The months following Brian's diagnosis were the hardest of my life. I threw myself into reading about diabetes and monitoring my son's blood sugar levels. Although Brian had a great attitude and tried to follow instructions, he struggled with an added challenge: absentmindedness. His forgetfulness led the hospital's social worker to recommend that he be evaluated, which resulted in an ADHD diagnosis. The double whammy of dealing with both challenges made it hard for us all.

Even with the most compliant patients, it's nearly impossible to keep blood sugar within the ideal range every day, all day. Exercise, stress, hormones, illness, growth, food and other factors influence blood sugar levels, so daily shots can only do so much. That's why I was vigilant, spending at least an hour a day communicating with teachers who noticed when he was dazed due to low blood sugar, coaches who needed to know he'd be late for practice, the school nurse, the school psychologist, his pediatrician and more. With tuition bills for two kids in college and a chronically ill child at home, the stress was mounting. At one point, my oldest son asked Brian how he was doing. "The worst thing about diabetes is Mom," he quipped.

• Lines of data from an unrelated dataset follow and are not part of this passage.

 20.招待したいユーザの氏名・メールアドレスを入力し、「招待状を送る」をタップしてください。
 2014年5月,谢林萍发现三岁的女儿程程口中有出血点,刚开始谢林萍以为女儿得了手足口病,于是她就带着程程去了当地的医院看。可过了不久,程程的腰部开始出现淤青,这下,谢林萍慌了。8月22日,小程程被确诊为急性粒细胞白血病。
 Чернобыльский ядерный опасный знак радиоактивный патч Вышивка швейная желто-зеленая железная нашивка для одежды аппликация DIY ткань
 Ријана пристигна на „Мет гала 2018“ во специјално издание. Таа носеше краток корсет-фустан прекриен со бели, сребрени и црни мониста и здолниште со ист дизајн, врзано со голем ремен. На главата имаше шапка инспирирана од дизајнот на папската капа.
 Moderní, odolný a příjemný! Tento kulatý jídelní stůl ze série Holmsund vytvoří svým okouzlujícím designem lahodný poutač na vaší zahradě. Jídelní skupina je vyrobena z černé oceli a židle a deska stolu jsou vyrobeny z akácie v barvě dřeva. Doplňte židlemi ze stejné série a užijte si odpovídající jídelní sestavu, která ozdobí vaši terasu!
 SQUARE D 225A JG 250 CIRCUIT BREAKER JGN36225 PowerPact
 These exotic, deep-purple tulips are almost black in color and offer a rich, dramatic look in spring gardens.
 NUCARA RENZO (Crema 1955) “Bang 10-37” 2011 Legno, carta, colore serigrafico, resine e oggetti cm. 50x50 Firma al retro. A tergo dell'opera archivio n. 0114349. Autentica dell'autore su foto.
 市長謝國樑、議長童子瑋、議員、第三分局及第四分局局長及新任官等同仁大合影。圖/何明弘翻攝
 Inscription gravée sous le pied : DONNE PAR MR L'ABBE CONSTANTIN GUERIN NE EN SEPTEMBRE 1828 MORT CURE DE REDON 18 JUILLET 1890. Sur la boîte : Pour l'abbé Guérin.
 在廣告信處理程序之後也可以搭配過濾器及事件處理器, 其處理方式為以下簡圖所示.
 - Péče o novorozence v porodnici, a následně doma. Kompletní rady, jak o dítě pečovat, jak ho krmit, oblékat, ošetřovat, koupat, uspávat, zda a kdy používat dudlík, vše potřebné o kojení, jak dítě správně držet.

Not only was I nagging my son, I was wearing my own nerves as well. After my second illness in two months, my nurse practitioner suggested talking to a therapist about the guilt, sadness and tension I felt regarding Brian's diabetes. "When?" I asked. I hadn't had time for a haircut in months. How was I going to find time to talk to someone about how I was feeling? By November, in desperation, I called the number for JDRF (a global organization for funding type 1 diabetes research) that I had found in a packet from our first hospital visit. I learned about a local support group for parents of kids with type 1 and immediately began attending monthly meetings. They saved me.

Yes, the other parents confirmed: Being a type A personality mom with a forgetful, disorganized diabetic teen makes for difficult family dynamics. Yes, the daily struggles of diabetes and ADHD would be our new normal — and having one kid with both illnesses was no picnic, they agreed. Just hearing someone else acknowledge that this was really hard reassured me. I wasn't being a drama queen because I was feeling overwhelmed. What we were going through was truly challenging.

After getting sick a third time, I started experimenting with delegating more to Glenn, like leaving it to my husband to make sure Brian checked his blood sugar prior to lights-out. In the spring Brian asked if he could join the 30-Hour Famine, a hunger-awareness movement in which kids fast for 30 hours. During the fast, they'd devote a day to community service and sleep on cardboard on our church lawn under tarps. Did I mention I'd also be out of state at a conference that weekend? You can imagine my reaction. But I was working on trusting more. So I did.

Since Brian needed to eat, he wasn't required to fast. Still, I ran it by the school nurse and his medical team. I instructed the event's organizer on signs of trouble and asked his best friend to set an alarm on his phone to remind Brian to take his shot. And I had faith my husband could handle anything that might come up.

When I returned from my conference, I learned that everything had ... gone fine. That weekend taught me to let others look out for Brian. I recognized I had to model for my kids how to take time for yourself and lean on people for help. By the time the one-year anniversary of Brian's diagnosis rolled around, he had switched to an insulin pump, a small, computerized device that delivers the hormone continuously through a small tube into his system. His blood sugar lows and highs were not as drastic. I eventually realized that (without nagging) Brian knew what to do before bed so he wouldn't experience symptoms while asleep. Finally, I stopped holding my breath. But in doing so, I wasn't neglecting Brian. I was allowing him the independence he had absolutely earned.